Tuesday, 15 October 2019

Our histories should be accessible to all: the significance of highlighting Black British History / a blog post by Olivia Wyatt

Have you noticed the street sign ‘Harewood Way’ during your journey to the University Library? It is one example of the university’s many connections to Harewood House: one of the ten Treasure Houses of England. Among these connections, you also have the 7th Earl of Harewood, George Lascelles: chancellor of the university from 1962 to 1967. But the connection I will focus on is how the Borthwick Archive holds thousands of articles relating to the Lascelles’s 327-year involvement in Caribbean plantations. From slave inventories to loan agreements, this archive maps the lucrative slave-owning, slave-exporting, and slave-exploiting business that heavily contributed to the wealth of the Lascelles. Such wealth which enabled Edwin Lascelles to replace his comparatively meagre lodgings of Gawthorpe Hall with this extravagant building.

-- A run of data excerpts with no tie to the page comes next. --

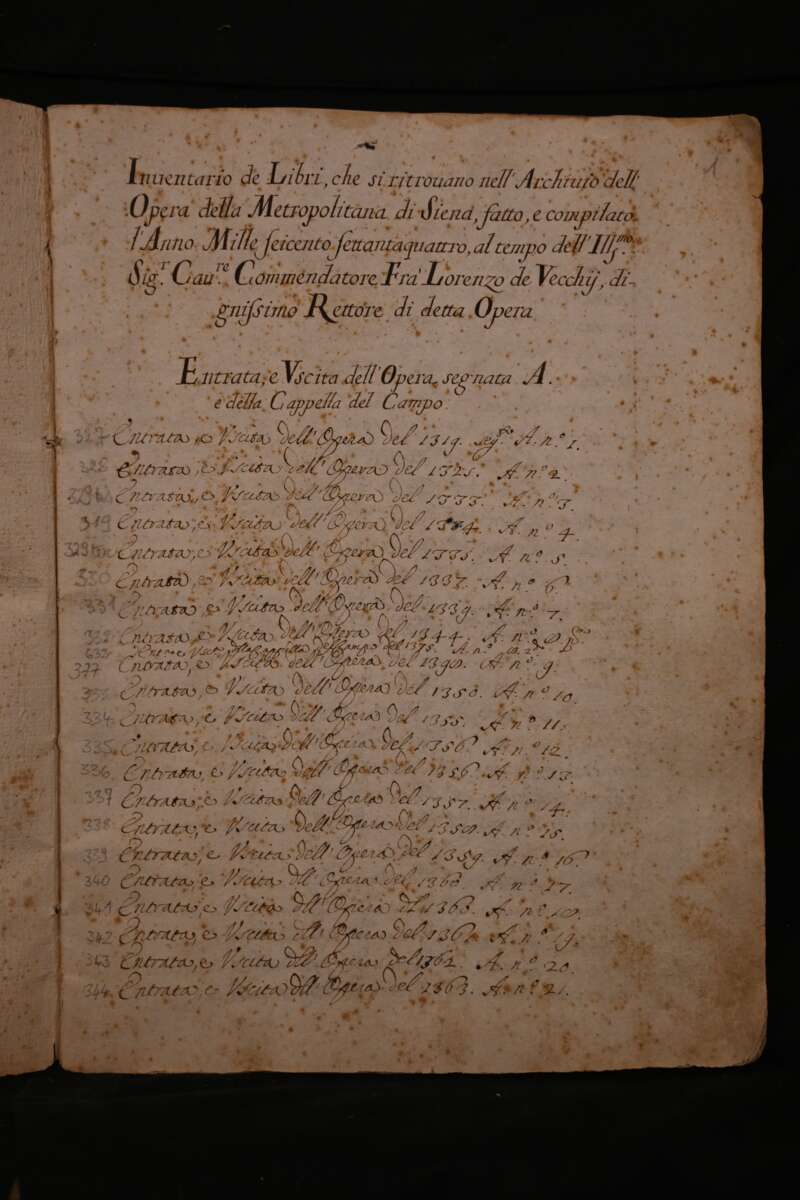 L’Opera della Metropolitana di Siena è una delle più antiche istituzioni italiane, documentata fin dal 1190. L’amministrazione dell’ente era affidata ad un Operaio, un gruppo di consiglieri e uno scrittore, o Camarlengo, con compiti di registrazione contabile. A metà del sec. XVI la sua struttura e le sue funzioni subirono profonde modifiche: l’Operaio fu sostituito da un Rettore, eletto dalle massime istituzioni cittadine, e un consiglio di nove Savi; questo ordinamento perdurò per tutta l’età moderna sebbene la nomina del Rettore divenne prerogativa del Granduca di Toscana. Negli ultimi decenni del sec. XVIII i granduchi modificarono più volte l’assetto dell’Opera finché nel 1790 venne soppresso l’ufficio dei Savi ed affidata al Rettore ogni responsabilità amministrativa, in collaborazione con un bilanciere per la cura degli affari contabili e di un cancelliere per l’esecuzione di ogni incombenza burocratica. Dopo l’Unità d’Italia l’Opera fu sottoposta come tutte le altre Fabbricerie alla legislazione dello Stato unitario.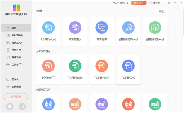 福昕PDF转换大师是一款一站式PDF在线转换工具,支持在线PDF转换Word、Excel、PPT、图片等多种文件格式,及PDF压缩、合并和拆分等需求。它能够将PDF文档中的文字,图片,表格,注释等等文档元素相对应的转换成word文档中相对应的文档元素。福昕PDF转换大师支持扫描件转换、以及PDF转Word、图片、PPT、Excel、Html的操作,支持反向操作。除此之外,还支持进行PDF合并、拆分、压缩、自动翻译、旋转等功能,拥有精准OCR识别,准确识别PDF扫描件,准确度高,需要的朋友不要错过这么好的软件哦。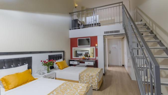 Отель в курортной зоне города Сиде — поселке Чолаклы. Песчаный пляж находится в 150 метрах от отеля, через дорогу. Представлен весь спектр развлечений и спортивных мероприятий для взрослых и детей.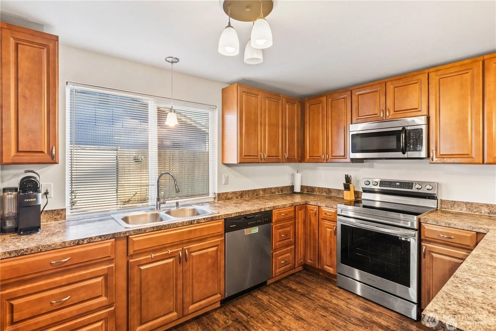 This unique single-level home offers 4 bedrooms and 2.75 bathrooms, plus a fully functional mother-in-law suite, providing the flexibility of a 5th bedroom in private living quarters in one exceptional property. The main home features a spacious primary suite with a walk-in closet, laminate hardwood-style flooring, stainless steel appliances, and a large pantry. Enjoy year-round comfort with a heat pump A/C and mini split (installed in 2020). Major updates completed around 2017 include the kitchen, flooring, siding, roof, windows, and skylights. The extra-large mother-in-law suite, added in 2017, is a true standout. It features brand-new carpet, a private entrance, independent heating and cooling, a convenient kitchenette, and a full bathroom, ideal for multi-generational living, guests, a home office, or potential rental income. Additional highlights include an extended driveway with ample space for trucks, RVs, boats, or multiple vehicles, no HOA, and a fully fenced backyard complete with a fire pit and garden area. Whether you need space for extended living or simply want maximum flexibility, this move-in-ready 4+ bedroom rambler with a private suite delivers comfort, versatility, and modern updates in one incredible package.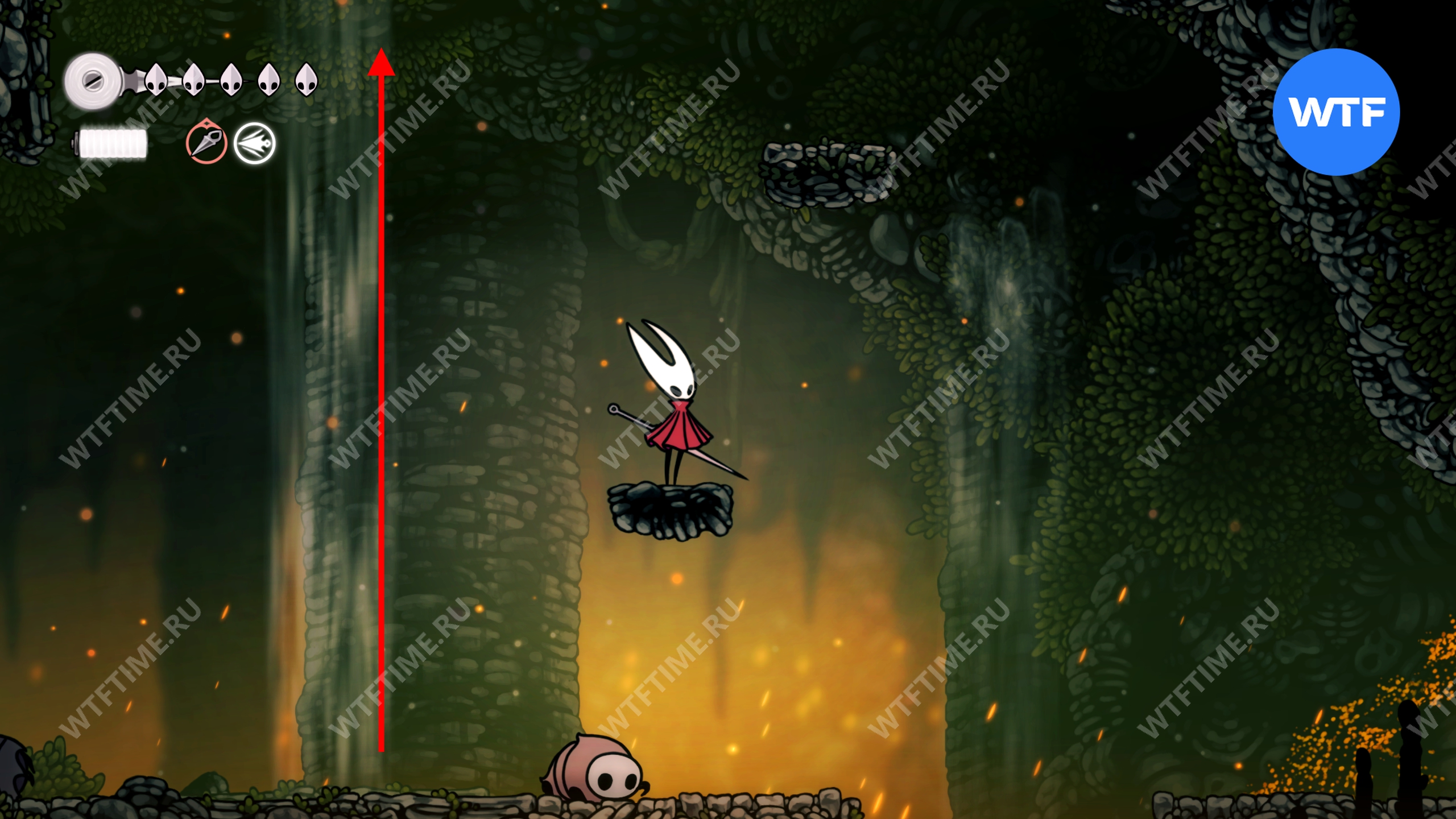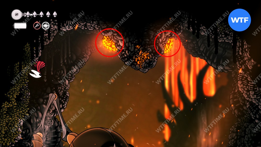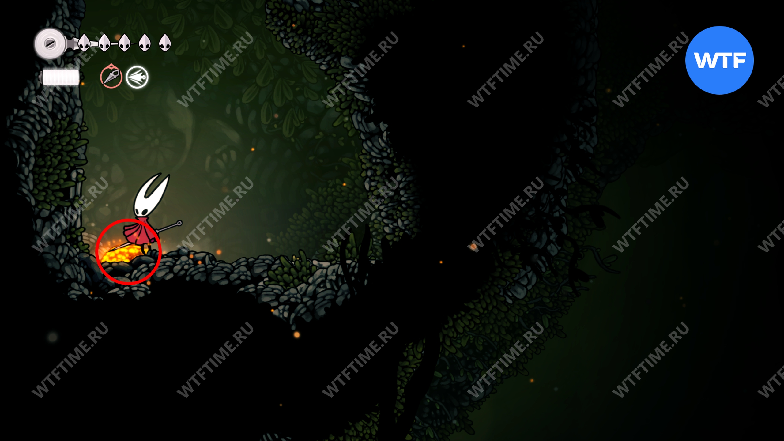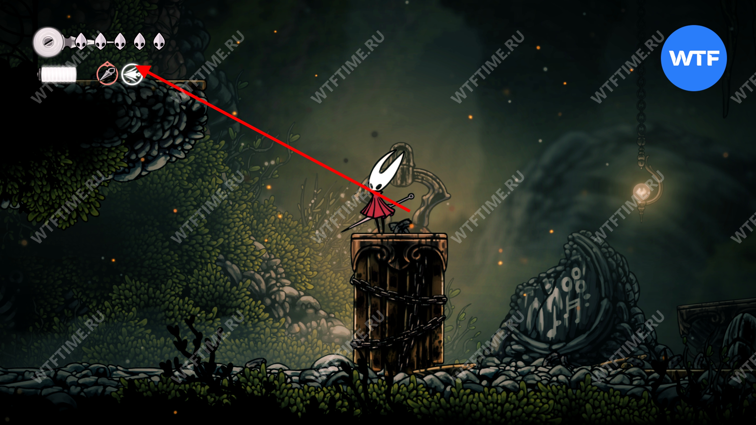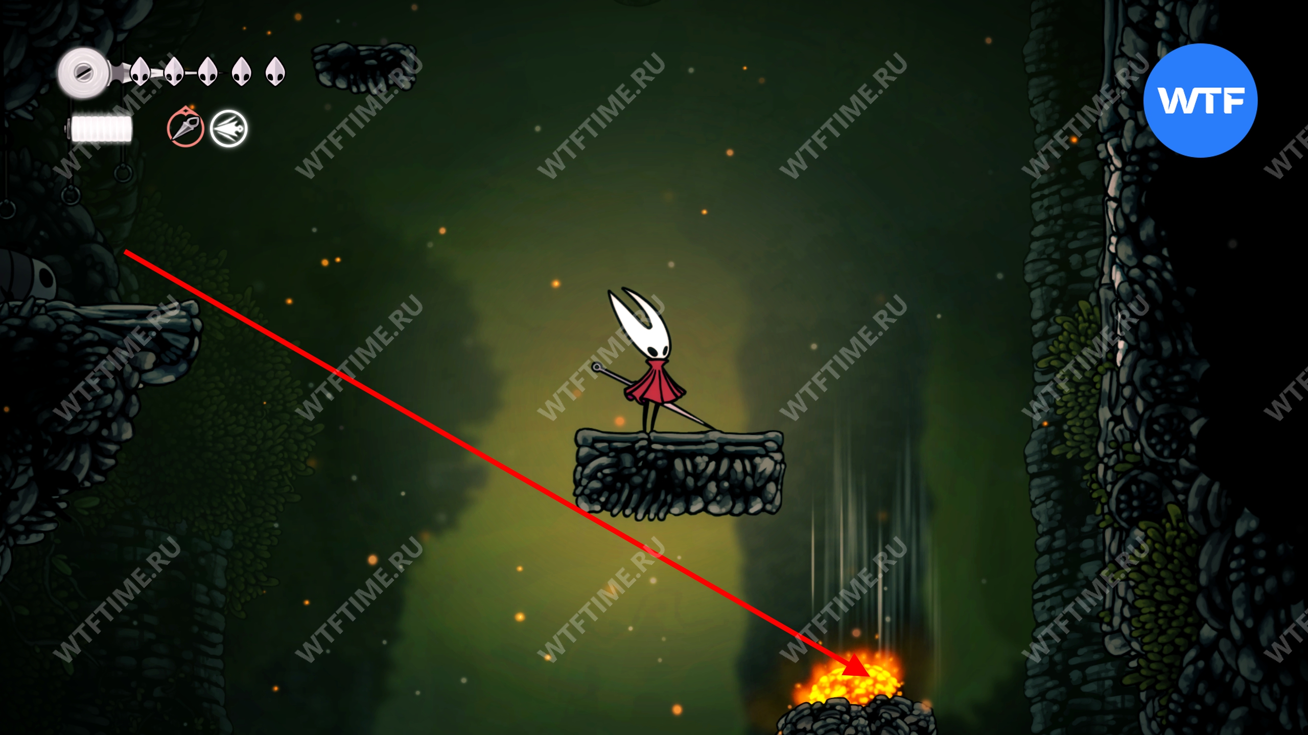 Чуть левее и ниже платформы с колокольчиком есть стена, которую можно разрушить. Этот проход вернет вас обратно в Глубокие доки, однако ходить туда сейчас особого смысла нет.

Harewood House (taken from https://www.yorkshire.com/view/attractions/leeds/harewood-house-182191)

I grew up in Leeds and often visited the House and its extensive grounds. It was during a recent visit that a friend alerted me to the displays’s brief mention of slavery. Despite the Lascelles’s long slave-owning history, the single-side of A4 laminated paper focused on how William Wilberforce visited the house. I contacted Harewood House Trust and proposed a project that updated their displays with information and material from the Borthwick. The Head of Special Collections agreed that this was an important part of the House’s history which deserves a more prominent mention. And thus the project was born.
Harewood House’s display information on slavery (photo taken by author)
I am currently exploring the archives to discover what could be used in the new displays at Harewood House. We are also interested in unearthing information that can fit into their current displays- in order to show how the history of the family was entwined with that of their slaves in Jamaica, Barbados, Antigua, Tobago and Grenada. As part of this project, I have also advised Mayfly Television and Uplands Television on their Channel 4 and Channel 5 documentaries on slavery and the Lascelles.
Cover letter mentioning the foiled Tobago conspiracy (taken by author at the Borthwick Archive - photographs can be used non-commercially)
Extract from a slave schedule of the Belle plantation (1777) (taken by author at the Borthwick Archive - photographs can be used non-commercially)
A lot of the material relating to the Lascelles’s plantations was destroyed during the Blitz. Consequently, I am using the limited evidence of individual slaves, alongside new research into slavery, to represent the experiences on the Lascelles’s plantations. The Lascelles relied on letters to be informed about the latest news by their agents in London and the Caribbean. These constitute a large proportion of the archive and usually provide helpful summaries of the activities of the plantations. Slaves are rarely, if not ever, mentioned by name, but there are interesting references to them. I am using new research to contextualise these brief mentions in order to reconstruct the lives of the slaves. The archive also features some slave inventories. These were typically created to revalue the slaves and livestock when the Lascelles were considering selling a plantation. They provide information about the origin, occupation, value, age and condition of the slaves; but more importantly, they provide us with names.

It is my hope that through adding these voices to Harewood House, these slaves can be remembered within the walls they tirelessly laboured to build and lavish. They will not be lost within an archive, but will become associated with a key British landmark- a step towards viewing slavery not simply as a system which functioned overseas, but as a significant part of British History. Including the stories of Anthony, Goamy and Eliza within one of our most important stately homes, and within Britain’s Black History Month, is testament to this.